Dealing with duplicate posts after upgrading from old version

Hey folks,

Recently, I’ve upgraded my Tiny Tiny RSS setup from the (fairly old) Debian 11 package to the latest git version on Debian 12. This also meant a jump from PHP 7.4 to PHP 8.2.

Unfortunately, after the migration, all (really, all, not just a subset) posts got duplicated. I searched and searched for solutions unsuccessfully, and also read about how this just happens sometimes and one way to deal with it is to just start over. Well, starting over was a non-starter for me, so I dug in my heels and solved my problem.

I’d like to share what I discovered in the hopes that it might help other TT-RSS users with similar upgrade situations.

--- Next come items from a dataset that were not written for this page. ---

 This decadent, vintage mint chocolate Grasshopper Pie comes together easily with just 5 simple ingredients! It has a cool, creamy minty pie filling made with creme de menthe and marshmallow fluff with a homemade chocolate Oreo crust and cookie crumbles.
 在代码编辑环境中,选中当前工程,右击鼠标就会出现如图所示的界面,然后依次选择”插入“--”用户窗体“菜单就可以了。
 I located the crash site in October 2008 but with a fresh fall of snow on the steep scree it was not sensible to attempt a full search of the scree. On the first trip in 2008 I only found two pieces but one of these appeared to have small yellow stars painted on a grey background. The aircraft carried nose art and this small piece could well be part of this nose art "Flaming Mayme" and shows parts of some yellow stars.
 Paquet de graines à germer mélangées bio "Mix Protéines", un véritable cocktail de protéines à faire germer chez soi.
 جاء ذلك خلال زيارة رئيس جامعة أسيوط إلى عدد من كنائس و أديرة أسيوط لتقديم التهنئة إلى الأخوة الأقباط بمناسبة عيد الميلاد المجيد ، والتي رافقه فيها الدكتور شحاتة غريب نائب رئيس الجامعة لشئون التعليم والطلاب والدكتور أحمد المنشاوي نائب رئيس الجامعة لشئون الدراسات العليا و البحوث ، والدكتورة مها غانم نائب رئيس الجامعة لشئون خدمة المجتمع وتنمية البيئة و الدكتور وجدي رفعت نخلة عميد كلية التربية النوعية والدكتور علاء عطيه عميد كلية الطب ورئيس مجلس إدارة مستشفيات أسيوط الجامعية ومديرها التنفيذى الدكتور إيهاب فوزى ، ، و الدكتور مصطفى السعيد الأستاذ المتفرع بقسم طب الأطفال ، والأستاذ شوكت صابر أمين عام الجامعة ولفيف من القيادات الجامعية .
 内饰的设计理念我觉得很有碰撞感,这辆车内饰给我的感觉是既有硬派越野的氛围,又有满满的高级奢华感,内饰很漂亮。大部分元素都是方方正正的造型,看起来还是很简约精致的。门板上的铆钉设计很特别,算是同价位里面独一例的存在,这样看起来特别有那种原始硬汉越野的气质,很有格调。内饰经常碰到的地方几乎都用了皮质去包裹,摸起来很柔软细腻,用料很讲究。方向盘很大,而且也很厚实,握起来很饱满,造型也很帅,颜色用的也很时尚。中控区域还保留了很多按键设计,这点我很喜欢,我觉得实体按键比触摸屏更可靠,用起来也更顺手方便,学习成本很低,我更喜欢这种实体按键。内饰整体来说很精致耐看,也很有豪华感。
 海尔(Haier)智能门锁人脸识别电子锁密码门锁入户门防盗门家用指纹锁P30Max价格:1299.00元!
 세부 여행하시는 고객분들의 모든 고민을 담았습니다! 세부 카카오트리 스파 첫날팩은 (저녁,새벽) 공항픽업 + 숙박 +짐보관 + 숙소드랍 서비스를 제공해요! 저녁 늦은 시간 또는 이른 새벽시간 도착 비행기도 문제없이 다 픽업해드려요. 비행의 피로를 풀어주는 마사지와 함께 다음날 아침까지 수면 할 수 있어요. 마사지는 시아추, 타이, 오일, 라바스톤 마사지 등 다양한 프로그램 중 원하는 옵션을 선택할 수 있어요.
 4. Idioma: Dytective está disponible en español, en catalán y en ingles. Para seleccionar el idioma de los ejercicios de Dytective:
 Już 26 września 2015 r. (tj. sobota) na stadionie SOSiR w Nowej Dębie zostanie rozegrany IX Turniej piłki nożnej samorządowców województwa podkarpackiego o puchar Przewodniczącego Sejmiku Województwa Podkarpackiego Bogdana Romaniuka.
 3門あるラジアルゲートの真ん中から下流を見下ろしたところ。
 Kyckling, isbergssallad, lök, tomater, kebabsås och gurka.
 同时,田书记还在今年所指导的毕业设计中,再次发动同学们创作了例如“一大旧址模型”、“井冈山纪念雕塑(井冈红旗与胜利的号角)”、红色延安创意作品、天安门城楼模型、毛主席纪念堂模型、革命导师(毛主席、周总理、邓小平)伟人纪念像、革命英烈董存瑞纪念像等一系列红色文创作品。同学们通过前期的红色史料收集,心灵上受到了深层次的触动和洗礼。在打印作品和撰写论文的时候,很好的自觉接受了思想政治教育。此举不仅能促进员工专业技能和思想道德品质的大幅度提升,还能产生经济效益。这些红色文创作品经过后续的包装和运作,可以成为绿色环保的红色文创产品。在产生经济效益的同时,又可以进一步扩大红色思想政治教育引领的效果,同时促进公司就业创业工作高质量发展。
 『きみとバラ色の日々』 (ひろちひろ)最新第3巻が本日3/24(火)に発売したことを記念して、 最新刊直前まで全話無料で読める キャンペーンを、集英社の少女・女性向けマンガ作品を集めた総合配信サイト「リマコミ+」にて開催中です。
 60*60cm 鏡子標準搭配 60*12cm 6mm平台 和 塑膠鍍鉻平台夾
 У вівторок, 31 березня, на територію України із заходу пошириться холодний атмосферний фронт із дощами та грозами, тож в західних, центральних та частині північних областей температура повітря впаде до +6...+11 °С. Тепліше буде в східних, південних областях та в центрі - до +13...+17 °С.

For context, what one needs to understand is that when TT-RSS inserts a new post into its database, it generates a unique identifier that takes into account a number of things including (but not limited to) the title, URL, post content, etc. When a feed is updated, it calculates identifiers for all posts comes across, and if that identifier doesn’t already exist in the database, it considers that post to be new and adds it.

Code change

One of the first things I discovered is that there has been a code change in classes/rssutils.php that caused identifiers to change. I reverted the change on my local instance and this helped fix one of the ways the identifier was changing in comparison with the previous version of TT-RSS.

Plugins

Secondly, I didn’t notice it at first but identifiers seem to also depend on plugins. In the new version I deployed, some plugins were moved out of the core and are now distributed via external repositories (link missing, can’t add it). Re-installing plugins which were previosuly enabled in my old setup also helped with the identifiers issue.

JSON

Lastly, even when the identifiers were identical, TT-RSS kept on duplicating entries. This time I had a look on the database side of things. Sure enough, in the new installation, entries in the guid column of the ttrss_entries table had a subtle, yet significant difference: the old installation had JSON bits like "uid":"<number>" whereas the new version created the same entries but with different quoting: "uid":<number>. The most likely culprit is difference in the PHP json module between 7.4 and 8.2.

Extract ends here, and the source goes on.